I was amazed at the number that could go. Those connected with colleges know the number of conferences, meetings, symposia, lectures, receptions, and so forth that it is generally assumed we have to attend. Often the gathering has very little to do with our chief duties. So I began to avoid those functions that I could not justify to myself. I thought at first that I would be censured when I no longer appeared at the monthly meeting of, say, the bicycle parking committee. But after several months of nonattendance, I noticed from the conversation of another member of the committee that he had not even noticed my absence. Putting aside my likes and dislikes, keeping my eye on what was necessary, using as much detachment as I could, I struck more and more from the list. Soon half of it was gone, and I found I had more time to give to what seemed likely to be of permanent value.

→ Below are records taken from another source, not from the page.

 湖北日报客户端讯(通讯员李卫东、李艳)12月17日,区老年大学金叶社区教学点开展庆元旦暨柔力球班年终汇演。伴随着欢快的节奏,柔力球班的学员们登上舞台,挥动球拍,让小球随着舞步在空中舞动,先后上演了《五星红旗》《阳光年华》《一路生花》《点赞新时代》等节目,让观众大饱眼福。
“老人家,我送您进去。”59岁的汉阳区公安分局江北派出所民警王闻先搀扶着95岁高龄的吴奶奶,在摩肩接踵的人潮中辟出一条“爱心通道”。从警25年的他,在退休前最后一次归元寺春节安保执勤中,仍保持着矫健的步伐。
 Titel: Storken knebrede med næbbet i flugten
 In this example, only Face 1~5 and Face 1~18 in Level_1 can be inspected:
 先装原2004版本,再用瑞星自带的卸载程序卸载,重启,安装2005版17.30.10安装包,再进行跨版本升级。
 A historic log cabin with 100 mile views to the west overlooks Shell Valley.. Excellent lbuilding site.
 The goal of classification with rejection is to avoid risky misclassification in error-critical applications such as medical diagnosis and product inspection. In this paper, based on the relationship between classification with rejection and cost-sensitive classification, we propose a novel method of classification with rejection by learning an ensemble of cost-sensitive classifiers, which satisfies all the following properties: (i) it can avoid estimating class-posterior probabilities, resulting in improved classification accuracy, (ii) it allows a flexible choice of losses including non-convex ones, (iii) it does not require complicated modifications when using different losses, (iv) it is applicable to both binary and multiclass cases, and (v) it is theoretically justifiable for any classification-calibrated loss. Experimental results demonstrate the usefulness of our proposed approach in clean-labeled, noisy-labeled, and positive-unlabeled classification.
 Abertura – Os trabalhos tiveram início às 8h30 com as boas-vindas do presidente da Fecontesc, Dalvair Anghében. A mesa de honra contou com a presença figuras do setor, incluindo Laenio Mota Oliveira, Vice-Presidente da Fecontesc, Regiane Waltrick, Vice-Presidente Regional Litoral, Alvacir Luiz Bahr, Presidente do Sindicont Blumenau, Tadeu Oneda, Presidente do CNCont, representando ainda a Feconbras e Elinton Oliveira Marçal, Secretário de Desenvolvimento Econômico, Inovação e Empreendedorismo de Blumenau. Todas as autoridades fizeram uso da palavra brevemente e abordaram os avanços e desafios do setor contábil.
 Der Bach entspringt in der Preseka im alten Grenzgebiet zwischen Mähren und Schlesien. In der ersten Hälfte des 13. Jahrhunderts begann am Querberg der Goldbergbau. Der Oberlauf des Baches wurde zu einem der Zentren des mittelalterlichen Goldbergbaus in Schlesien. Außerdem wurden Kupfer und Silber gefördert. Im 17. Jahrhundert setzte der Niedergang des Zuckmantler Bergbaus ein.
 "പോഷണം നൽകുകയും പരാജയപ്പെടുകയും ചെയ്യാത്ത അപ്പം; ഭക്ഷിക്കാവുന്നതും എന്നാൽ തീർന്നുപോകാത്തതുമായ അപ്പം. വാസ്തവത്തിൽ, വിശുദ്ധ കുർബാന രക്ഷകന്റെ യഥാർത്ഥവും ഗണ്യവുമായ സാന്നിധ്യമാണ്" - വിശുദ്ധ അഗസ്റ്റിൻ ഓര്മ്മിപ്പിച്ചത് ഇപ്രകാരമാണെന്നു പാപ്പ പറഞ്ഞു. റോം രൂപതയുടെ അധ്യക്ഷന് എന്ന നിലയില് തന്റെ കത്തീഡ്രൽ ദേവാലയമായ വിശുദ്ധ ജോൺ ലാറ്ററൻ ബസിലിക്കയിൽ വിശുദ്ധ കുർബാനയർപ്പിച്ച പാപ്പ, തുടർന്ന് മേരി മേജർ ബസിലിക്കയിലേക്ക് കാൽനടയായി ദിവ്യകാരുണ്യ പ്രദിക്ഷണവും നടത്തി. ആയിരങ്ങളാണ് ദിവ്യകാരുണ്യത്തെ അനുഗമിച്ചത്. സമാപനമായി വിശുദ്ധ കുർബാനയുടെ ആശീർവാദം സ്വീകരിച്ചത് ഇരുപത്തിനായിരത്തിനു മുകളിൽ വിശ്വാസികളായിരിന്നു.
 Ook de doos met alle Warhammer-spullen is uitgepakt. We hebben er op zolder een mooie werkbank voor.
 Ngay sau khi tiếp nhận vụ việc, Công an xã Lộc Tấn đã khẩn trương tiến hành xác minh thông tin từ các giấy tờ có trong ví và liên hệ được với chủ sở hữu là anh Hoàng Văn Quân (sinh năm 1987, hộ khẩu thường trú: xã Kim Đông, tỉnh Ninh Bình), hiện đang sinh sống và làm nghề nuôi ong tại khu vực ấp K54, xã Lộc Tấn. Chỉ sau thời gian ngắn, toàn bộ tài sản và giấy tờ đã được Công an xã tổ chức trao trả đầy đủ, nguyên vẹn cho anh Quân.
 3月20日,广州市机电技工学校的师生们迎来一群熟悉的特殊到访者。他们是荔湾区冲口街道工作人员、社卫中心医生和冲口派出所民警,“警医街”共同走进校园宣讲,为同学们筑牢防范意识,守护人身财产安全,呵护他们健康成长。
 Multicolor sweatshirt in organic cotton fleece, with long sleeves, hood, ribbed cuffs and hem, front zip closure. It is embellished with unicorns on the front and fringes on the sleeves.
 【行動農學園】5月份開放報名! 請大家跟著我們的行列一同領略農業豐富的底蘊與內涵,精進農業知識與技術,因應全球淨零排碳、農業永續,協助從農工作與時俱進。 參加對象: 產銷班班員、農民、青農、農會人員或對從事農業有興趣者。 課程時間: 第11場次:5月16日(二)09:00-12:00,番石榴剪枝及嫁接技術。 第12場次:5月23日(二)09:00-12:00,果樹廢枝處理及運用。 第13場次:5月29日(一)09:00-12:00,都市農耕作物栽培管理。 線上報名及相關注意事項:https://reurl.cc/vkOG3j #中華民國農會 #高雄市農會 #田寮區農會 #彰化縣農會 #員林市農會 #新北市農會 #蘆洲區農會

Reengineering our patterns in the ways I have mentioned will not be easy or painless. It will require persistent effort for a long time to reverse the patterns of hurry we have built up over the years. But the benefits are magnificent, and we begin to receive them the very first day we try to make these changes. From the beginning, we have embarked on a new course that will bring us abundant energy, better health, increased peace of mind, more harmonious relations with others, rich creativity in work and play, and a longer, happier span of life.